Степень, в которой образу обнаженного человеческого тела в искусстве удается избежать — по силуэту, по сочетанию объемов — влияния незримо присутствующей одежды, представляет собой не самый плохой критерий для оценки того, насколько четко он нацелен не на эротический эффект, а на то, чтобы в первую очередь воздействовать на представления зрителя об общечеловеческих ценностях и на беспристрастное чувство формы. Одна из стандартных процедур, нацеленных на воспитание последнего, неизменно состояла в копировании классических формул. Однако практически все величайшие ню западного искусства обязаны своей вечной и не зависящей от изменчивых вкусов силой эстетического воздействия тонкому сочетанию всего перечисленного выше: эмоциональной непосредственности, отсылок к классическим образцам и сексапильности, основанной на игре с современной автору модой. С другой стороны, образы чисто порнографические, в погоне за эффектом достоверности, не только привлекают повышенное внимание к сугубо сексуальным атрибутам, но и максимально эксплуатируют сиюминутную моду в области наготы.
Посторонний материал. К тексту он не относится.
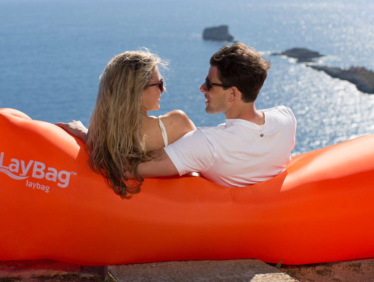 LayBag har många användningsområden, den kan vara soffan att ta med till festivalen, stranden eller i campingsammanhang. Den är tillverkad i förstärkt nylontyg vilket gör att den kan användas på ojämna och hårda ytor som berg, sten, cement och grus. När Laybag är fylld med luft är det inte bara en soffa utan flyter dessutom bra i poolen.

Прямое влияние моды на образы обнаженного человеческого тела можно отследить только в те века западноевропейской истории, когда мода уже существовала как вполне самостоятельное явление. Если в области одежды мода означает постоянные и достаточно заметные колебания внешнего облика, создаваемые различными комбинациями специально сшитой одежды и телесных форм, то многие древние цивилизации, а также значительная часть восточного полушария никогда не имели дела с «модой» в нашем понимании этого слова. Конечно, изменения происходили и там — в способах формирования и оформления внешнего облика при помощи украшений и аксессуаров, различных деталей прически, варьирования цветовой гаммы; однако общий силуэт менялся чрезвычайно медленно, отталкиваясь от постепенной эволюции базовых форм. Перемены в том, что уже можно называть настоящей модой, начались на Западе приблизительно с 1300 года и предполагали существенные изменения во всем сложном комплексе, состоящем из одежды и тела. Так что отдельные части тела ужимались, другие, наоборот, приобретали дополнительный объем, некоторые движения становились более стесненными, другие более свободными, со вполне возможной — впоследствии — переменой на прямую противоположность. Таким образом, в различные периоды времени ноги у среднестатистического тела удлинялись или укорачивались, голова увеличивалась или уменьшалась, руки то тяжелели, то становились более хрупкими — и это не говоря уже о всевозможных вариациях на тему женского торса, которые зависели от того, что в данную эпоху принято было считать сексуально привлекательным.

<…>

В XV веке европейское воображение, вдохновленное интересом к античности, возникшем в Италии, ухватилось за наготу как за способ выразить идею совершенства, выработав одновременно с этим целый ряд самых изысканных в истории человечества модных фасонов. Общие принципы и детали североевропейского, бургундского и итальянского стилей сильно варьировались — как, собственно, и отражавшие их живописные стили. Нагота, следуя моде как портновской, так и художественной, и взяв на вооружение переменчивые возможности и той и другой, приобрела совершенно новую значимость. Итальянское ренессансное платье, как и системы условностей в ренессансном изобразительном искусстве, развивалось под влиянием вкуса к классике, в котором прежде прочего доминировали идеи гармонии и подобающей пропорциональности. Это позволяло удерживать размеры второстепенных элементов (головных уборов, обуви) в рамках разумного соотношения с реальными размерами и особенностями динамики человеческого тела. Готическое или североевропейское платье тяготело скорее к экспрессивной преувеличенности форм с акцентом на дополнительных объемах, уводящих взгляд от центра фигуры (очень высокие шляпы, туфли с длинными и острыми носами), что приводило к искажению общего силуэта «по частям». В итальянской ренессансной моде тщательный подбор украшений обычно служил единому замыслу, гармонизируя и сливая в единое целое весь костюм; в готической моде украшения, как правило, располагались отдельными группами, каждая из которых сама по себе притягивала взор. Такого рода различия прослеживаются для всех возможных аспектов этих двух совпадающих по времени художественных традиций; и изображение обнаженной натуры есть всего лишь один из примеров этой общей закономерности, будучи самым естественным и неразрывным образом связано как с дизайном одежды, так и с формальными и духовными особенностями стилистики изобразительных искусств.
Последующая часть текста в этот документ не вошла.